The derivative methods used in PTA and RTA inspired the development of the new fluid contamination interpretation method. Contamination transient analysis (CTA) evaluates transient measurements acquired during mud-filtrate invasion cleanup to infer reservoir geometry. We apply derivative methods to the reciprocal of the time evolution of fluid contamination to identify flow regimes in cases of water-based mud invading either water-or hydrocarbon-saturated formations. LWD operations are considered under a continuous invasion effect, i.e. the fluid cleanup procedure is performed while mud filtrate continues to invade the formation. This constraint brings about a significant technical challenge for LWD fluid sampling jobs. Alternatively, this new method could be integrated with other pressure transient techniques to improve the interpretation of measurements.

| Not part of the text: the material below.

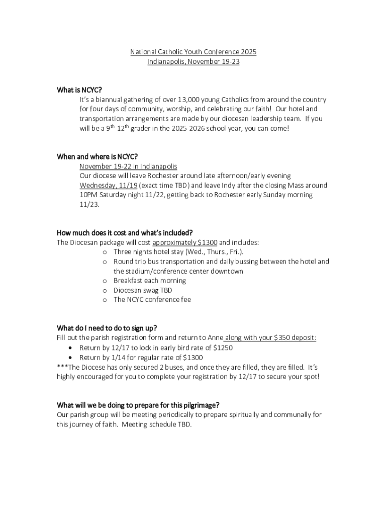 As the conference date approaches, maintaining communication among participants is essential for coordination and excitement. Utilizing social media platforms, group chats, or newsletters can keep everyone informed and engaged. Preparing for the NCYC with workshops or training sessions can ensure that participants are not only ready but also excited about what lies ahead.

For example, in a pretest case where the pressure transient does not achieve the radial flow regime, fluid cleanup could provide complementary information about late-time flow regimes to enhance the acquisition of measurements in real time.
We document synthetic and field examples of applications of a new interpretation method. Seven reservoir cases are simulated to obtain contamination data: (1) homogeneous isotropic reservoir, (2) formation thickness, (3) laminated formations, (4) geological faults, (5) mud-filtrate invasion (6) reservoir properties, and (7) permeability anisotropy. All these cases are compared for single-phase and multiphase flow during LWD fluid sampling operations. Additionally, field case studies are analyzed to highlight the value of the reciprocal contamination derivative (RCD) in real-time operations. Reservoir limits and features such as saturating fluid and depth of invasion are identified in the flow regimes detected with derivative plots of the reciprocal of the contamination. Consequently, LWD cleanup and sampling efficiency could be optimized based on contamination transient analysis by identifying the flow regimes taking place in the reservoir during filtrate cleanup, hence improving the prediction of the time required to acquire non-contaminated fluid samples.
The new approach of the reciprocal contamination derivative is an alternative way to optimize fluid cleanup efficiency and to quantify the spatial complexity of the reservoir during real-time LWD operations. In addition, this new technique enables the evaluation of reservoir properties in less operational time than PTA without the need of pressure build-up stages, increasing fluid sampling efficiency in terms of quality and time.